I think berserker would fit them better than just Warrior, but it is what it is.
I think berserker would fit them better than just Warrior, but it is what it is.
If I'm not totally mistaken, the the Paladin is called Knight in JP and wasn't internally called Paladin until HW when they finally got their first holy skill in Clemency. Knights have historically had some limited access to White Magic hence the Conjurer sub-class requirement originally.
Words in a video game world can still have multiple meanings. Just because a group of people call themselves warriors doesn't meant that word is completely blocked from everyone else to use.
There's a dancer job from Thavnair that is specific to that location with combat abilities. If we say that there can only be one Dancer, does that mean that the girls dancing at Costa del Sol and Ul'dah are no longer dancers? Do we need to change the name of our emotes to remove "dance" from them because that's stepping in someone else's territory?
In FF1 Warrior is still 戦士 (Well, ok, no, it was せんし but only because it was designed for kids) and Warrior of Light is still 光の戦士, just like they are in FF14. There is no confusion because...why would there be any confusion? I want to give the OP the benefit of the doubt, but I am finding this whole thing a bit weird as I never associated the two. Your bard example seems fine.
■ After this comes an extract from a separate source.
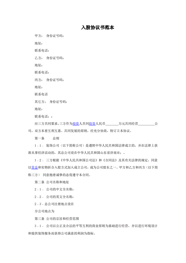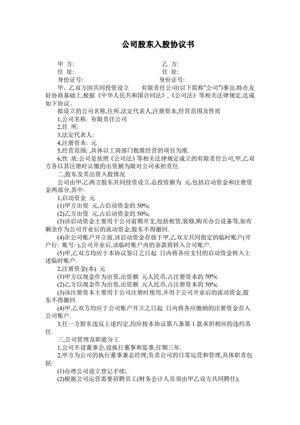 公司股东入股协议书

I wasn't talking about the original JP version of FFI but the US English language version released 3 years after, where 'Warrior' and 'Warriors of Light' were indeed translated into English as 'Fighter' and 'Light Warriors' respectively (this is why the infamous FFI sprite webcomic 8-Bit Theater used those terms as well, they lifted them straight from the game). And I should know, I had a copy of FFI NES US NTSC version myself in my collection (until it was stolen).
Much of FFI's English translation/localization was.... crude to say the least (besides the 'Fighter'/'Light Warriors' thing, crystals were also translated as 'orbs', and other spell and item names often had odd abbreviations like the infamous mispelling of 'Masamune'), but it was not so much lazy translations as more just a technical limitation with Square having very limited character space to work with when replacing text, so they had to be creative.
You must be referring to the movies. They are wrong about many things - that is just one of them.
In fact when they are leaving Rivendell it is explicit that "Aragorn had Anduril, but no other weapon"
Legolas was the only one of the Fellowship to carry a bow.
It's not an issue of Japan not understanding the difference. For many reasons, but it also is demonstrably not the case when XI clearly knew the difference between a ranger and a bard.
It's an issue of archer being a pretty boring job concept without any additional gimmicks. In a game where every other job has some sort of magical element on top of a weapon style, the "archer job" needed something like songs or an animal companion on top of it so as not to be totally underwhelming. Obviously they went with melding archer with bard rather than beastmaster, probably because it had better overall synergy and didn't trod too much on the companion system's toes. I also suspect a huge justification for it was because XIV is a more dynamic, weapon- and attack-focused game than XI, and they needed to give bard *some* sort of actual weapon. Either way, I think it was the right choice because I consider "harp-bows" to be perhaps one of the most innovative takes on classic FF jobs in the entire game (alongside AST and SGE).
I wouldn't have looked twice at a boring ranger bow job, frankly, and I don't know why people keep pushing for that idea without proposing something more to actually make the concept, yaknow, interesting. Something that exceeds just using a weapon and moves into fantasy heroism. Even warrior, perhaps the most "basic" job design in XIV, has some elements of berserker and geomancer in it to give it some additional magical flavor and better carve out a job fantasy niche. A bow-wielder by itself is not much of a job fantasy.
I get the complaint, because... well, some people's favorite Avenger is Hawkeye or Black Widow. There is genuine appeal to the guy that can keep up with crazy superpowers because he's Just That Good. I have a friend who actually hates the Shadowbringers Machinist rework not because of playstyle, but because it moved so much of Machinist away from 'good at guns' and into 'has Batman's utility belt'. I'm not even sure what I'd want to recommend to someone who wants to play a 'naturally good and that's it' character in this game. Monk, maybe, if you ignore the outright Hadokens? Samurai, but basically only if you love Kurosawa enough to accept the theatrics as theatrics instead of magic?
I think the main problem comes from the fact that, in games like this, it's actually really hard to stretch the concept of 'just that good' into the entire skillset. Samurai only barely gets there, Monk falls short, and those two actually have the easiest job since it's just a melee skillset, and there's been a lot of media that's found ways to stretch those. You go into something like a range toolkit? Every FFXIV job has to have thirty-something powers and animations over its lifetime, how many things can you give someone with just a gun before you run out of ideas? Hell, way back I used to play City of Heroes; they only had nine powers per moveset, no required mechanic gimmicks, and all of comic books to borrow from, and their Archery and Assault Rifle powersets still had to get wacky. (Specifically Archery had to pack some Green Arrow-style trick arrows, and Assault Rifle had to make its default model a 'Frankengun' with multiple barrels, a flamethrower, and a grenade launcher.)